Ternura encarcelada

Los niños se agacharon para ver al bebé que dormía sobre el césped del parque. Una manta de borreguillo cubría el cuerpecito, dejando a la intemperie un rostro moreno semejante al de los africanos. Las redondeadas mejillas y la prominencia de la frente, le daban un aire mongoloide que despertaba compasión.

-Creo que es subnormal, sentenció un pequeñuelo pecoso de mirada aguamarina.

-¿Qué hacemos con él?, preguntó al más alto.

-¡Ya lo tengo!, le llevaremos a la vieja cuadra, contestó el pelirrojo de ojuelos vivarachos.

-¿No sería mejor avisar a la policía?, se oyó la voz del pecoso.

-¡Chissstt…, que alguien se acerca!, dijo en voz baja el más alto al tiempo que ponía el dedo índice en los labios. 



Los niños formaron un corro en torno al bebé: el hombre se les quedó mirando, pero pasó de largo. Cuando le hubieron perdido de vista, el más alto cogió al bebé en brazos y todos se encaminaron hacia la cuadra abandonada, donde le prepararon una cuna a base de paja y hojas. Al posar al bebé en el pajar, éste abrió los ojos como platos para comenzar a emberrincharse. Todos querían acariciar a aquel niñito que había llegado como caído del cielo. Se sentían mayores descubriendo la ternura que anidaba en sus almas y que ahora estaban derrochando con una criatura desvalida.

El pelirrojo salió afuera, aunque volvió en seguida con una botella de plástico llena de leche.

-Supuse que tendría hambre, dijo.

Peluda, su vaca predilecta, se había portado muy bien al dejarse ordeñar sin rechistar. Acostumbrada a la ordeñadora eléctrica, no hubiera sido de extrañar que, al rozarle las ubres con sus manos, se le hubiese resistido. Pero no,Peluda era una todoterreno.

Tras tragarse toda la leche, el bebé cerró sus ojitos y se introdujo en el mundo de los sueños en un santiamén. Los niños le contemplaron embobados antes de irse.

La luz vespertina de aquel veinticuatro de diciembre fue dándole paso a una noche despoblada de estrellas, donde además la niebla cubría el valle con su aureola fantasmagórica y desprendía minúsculas gotas que se adherían a la ropa, empapándola sin contemplaciones. Los niños conocían el camino como la palma de la mano.
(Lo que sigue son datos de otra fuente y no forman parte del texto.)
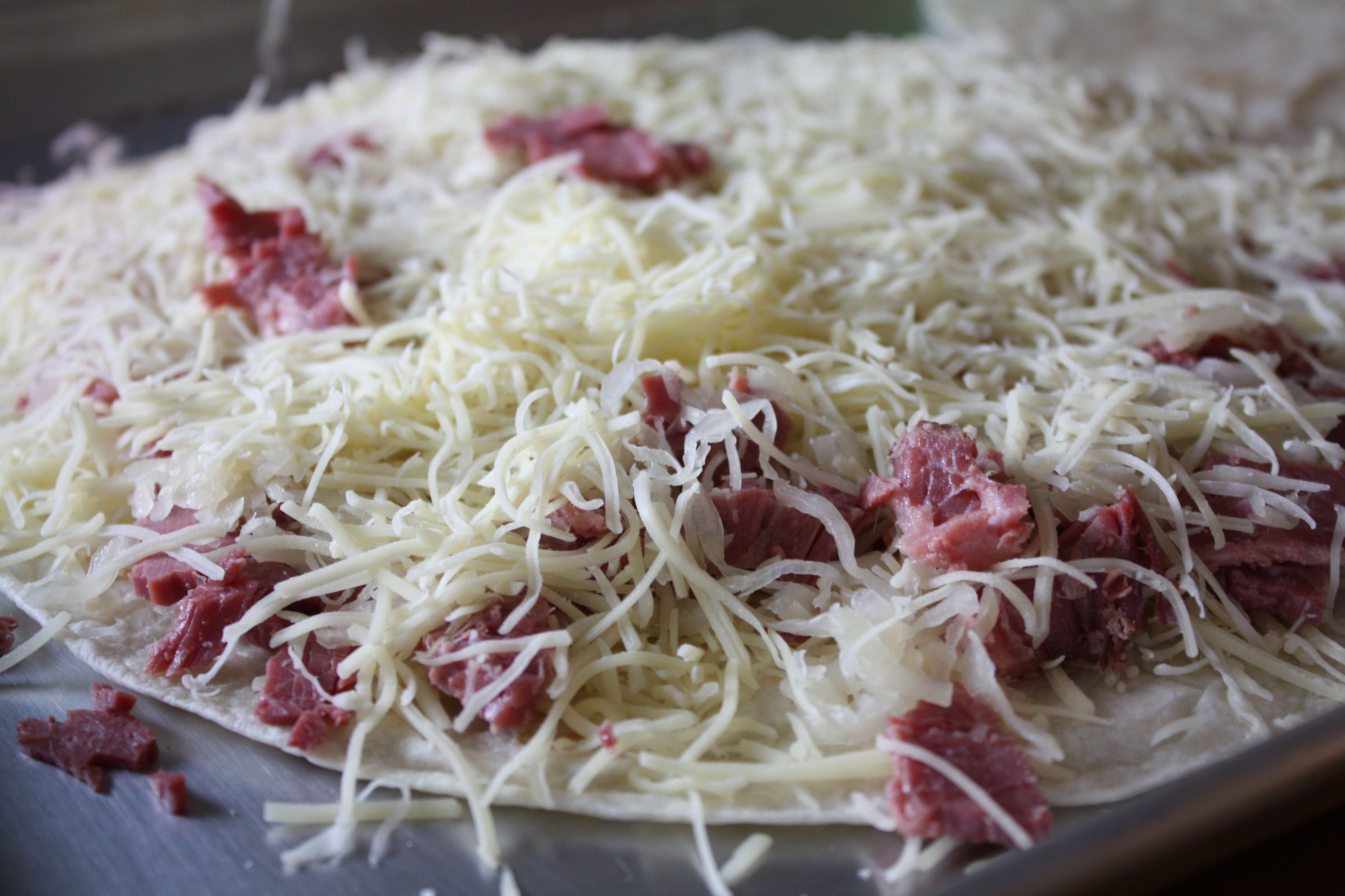 Preheat oven to 375 degrees. Spray a baking sheet with cooking spray. Place one flour tortilla on the baking sheet. Sprinkle with shredded swiss cheese. Scatter pieces of corned beef and sauerkraut over the cheese. Sprinkle with additional swiss cheese and top with another flour tortilla. Bake for 10-15 minutes, until the filling is hot and melty and the tortilla is slightly crisp. Serve with Thousand Island dressing.

Guiados por un sexto sentido, llegaron al pueblo calados hasta los huesos. La cena de Nochebuena les esperaba con toda la parafernalia de esas fechas.
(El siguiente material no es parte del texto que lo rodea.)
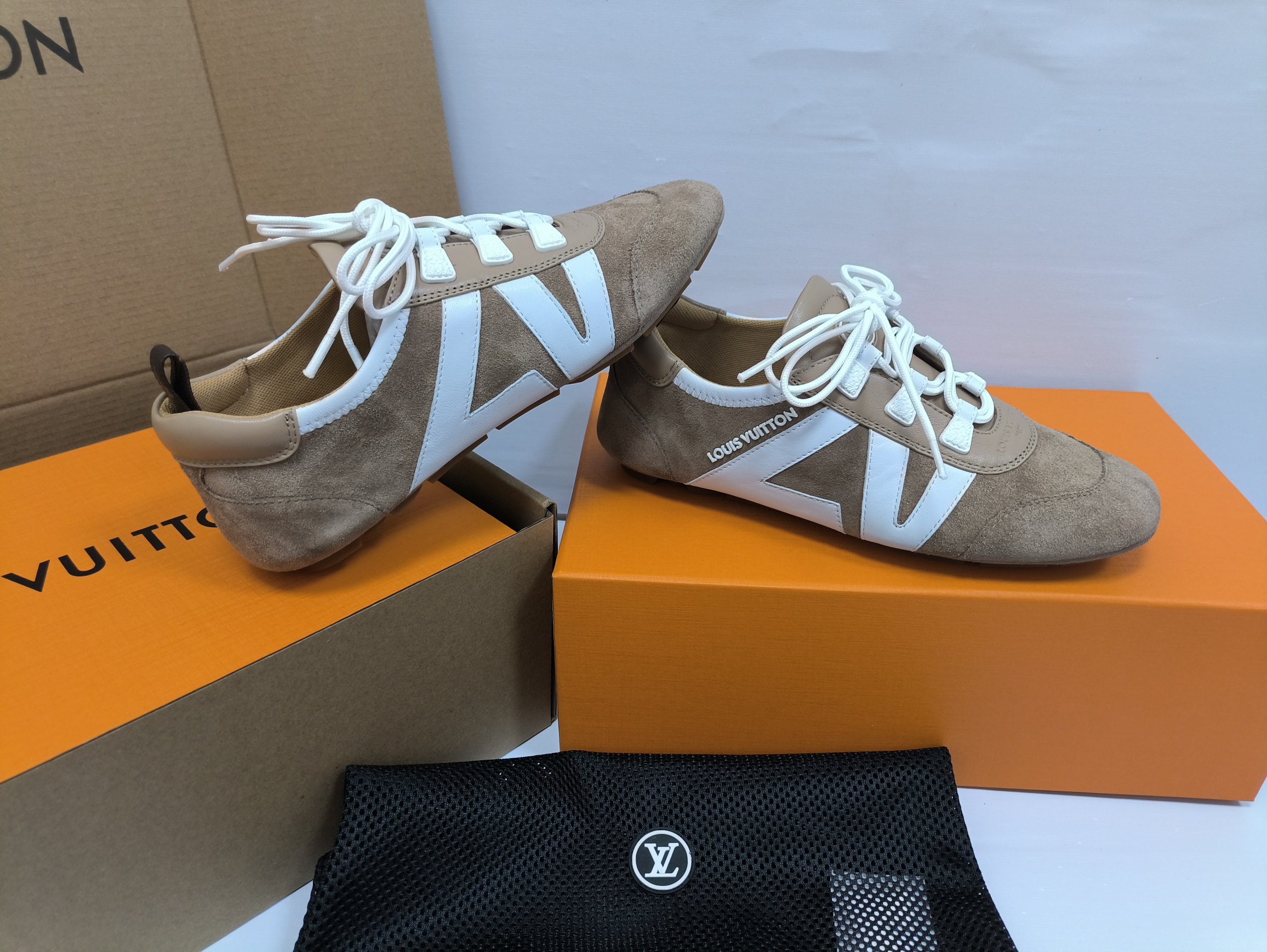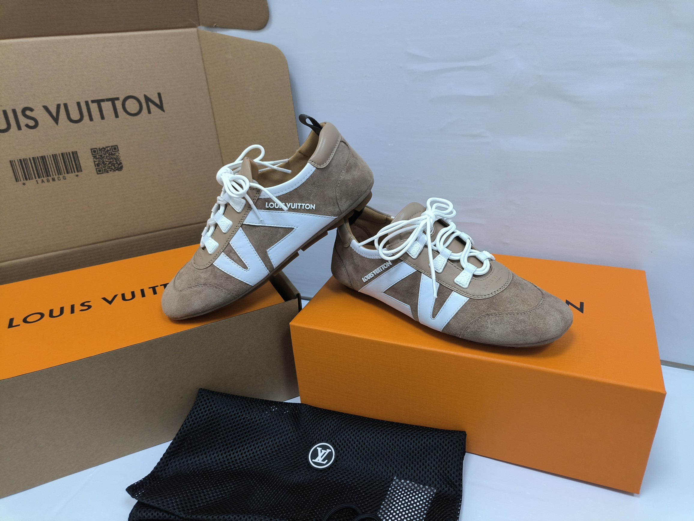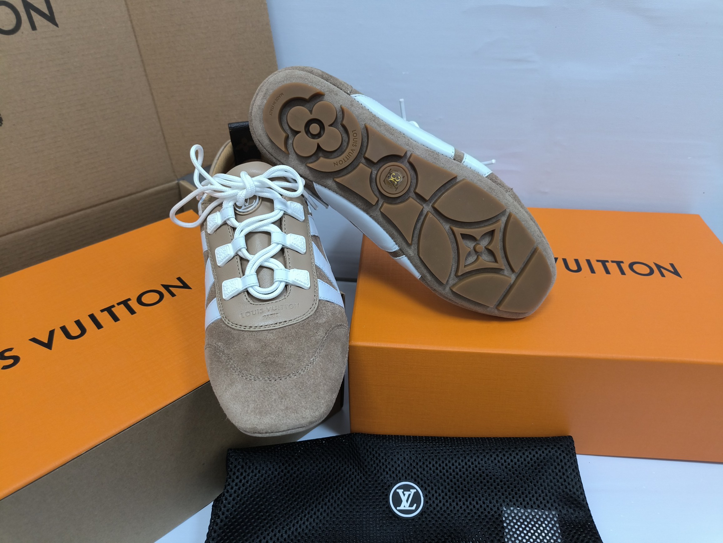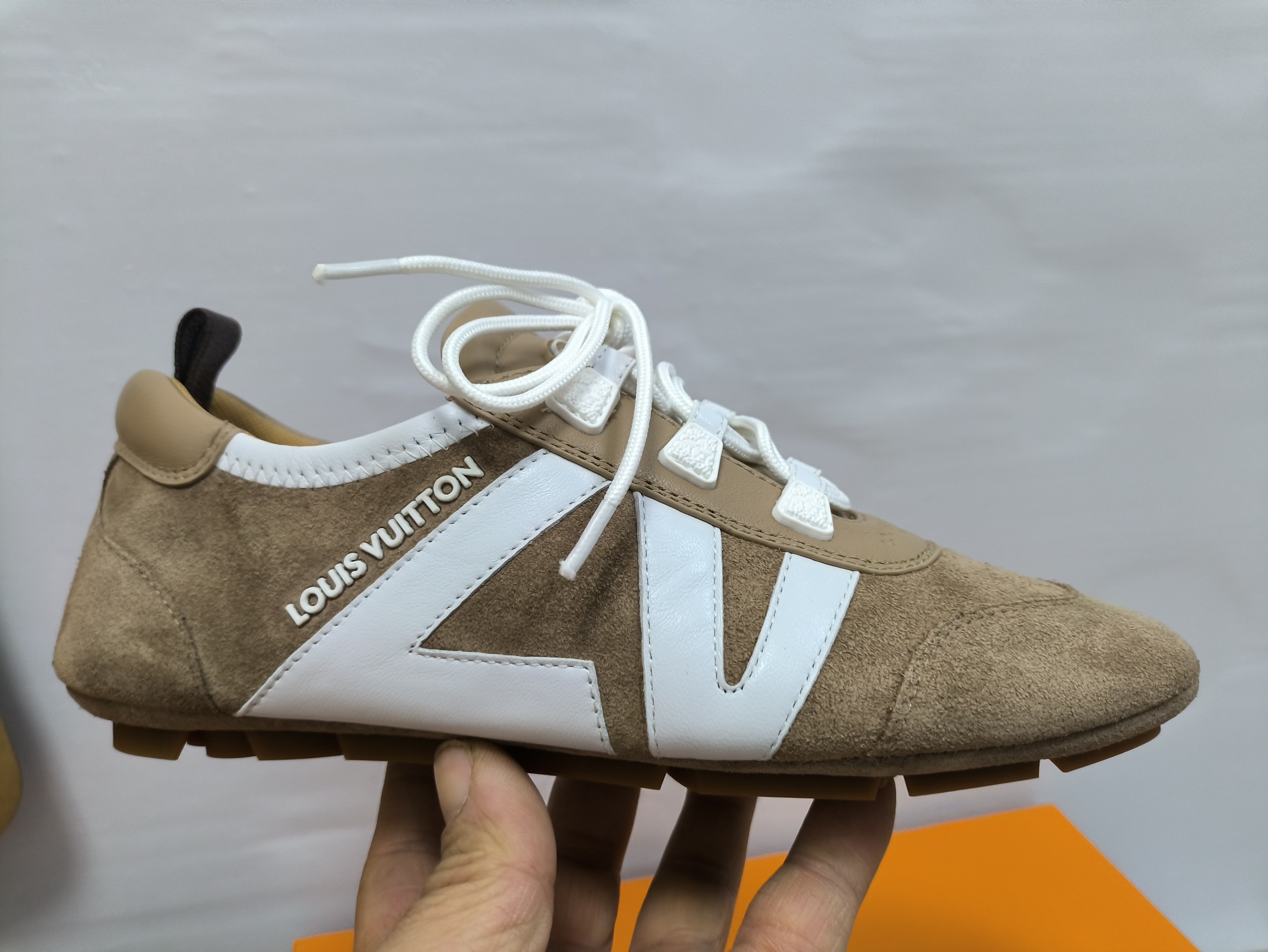 这款鞋子是AAAAA 1:1 质量 (非常棒). 使用了和原版一模一样的材料. 商标部分也保持了和路易威登/Louis Vuitton一样. 图片拍摄是实物鞋子拍摄, 您所收到的实物保证和我们图片一模一样.

Feliciano Sánchez se despertó mirando a su alrededor con aquellos ojos vivarachos que, a pesar de tantos sinsabores, aún le chispeaban. Una sonrisa vertical se dibujó en la comisura de sus labios mientras se desperezaba. Allí no había ningún bebé a quien poderle dar la ternura que sentía en su interior. Un vacío interior se apoderó de su alma dejándolo desarmado.


De un salto, abandonó la litera y se fue hacia la ventana cubierta de barrotes, la misma que le permitía dejar libre, de cuando en cuando, su imaginación. Afuera, el paisaje era totalmente blanco. Entonces recordó que la Navidad había llegado un año más para amargarle unos días que, aunque se los intentaran edulcorar a base de turrón y langostinos racionados como los incluidos en el menú de la noche anterior, jamás recuperaría por muchos cumpleaños que celebrase. Porque Feliciano Sánchez, desde que estaba preso -de eso hacía un lustro- cada dieciocho de noviembre le encargaba al recadero una tarta con dos velas: una representaba los delitos cometidos y la otra los sufrimientos. Como un ritual hecho a su medida, siempre las apagaba soplándolas con el ímpetu de la desesperación.

Feliciano Sánchez regresó a su litera, se tumbó y cerró los ojos. Deseaba relajarse para mezclarse con los sueños, pero la ansiedad se adueñó de su pecho con una fuerza sobrehumana que le condujo a la impotencia de querer y no poder. Sus dedos se enredaron, haciendo bucles, en la pelirroja cabellera que tanto había manoseado en su niñez antes de dormirse.

Feliciano Sánchez, a quien los golpes de la vida le habían curtido el alma a grandes zancadas, lloraba ahora tendido en la litera de una celda esperando el regreso de un bebé que sólo tenía vida en el mundo de los sueños.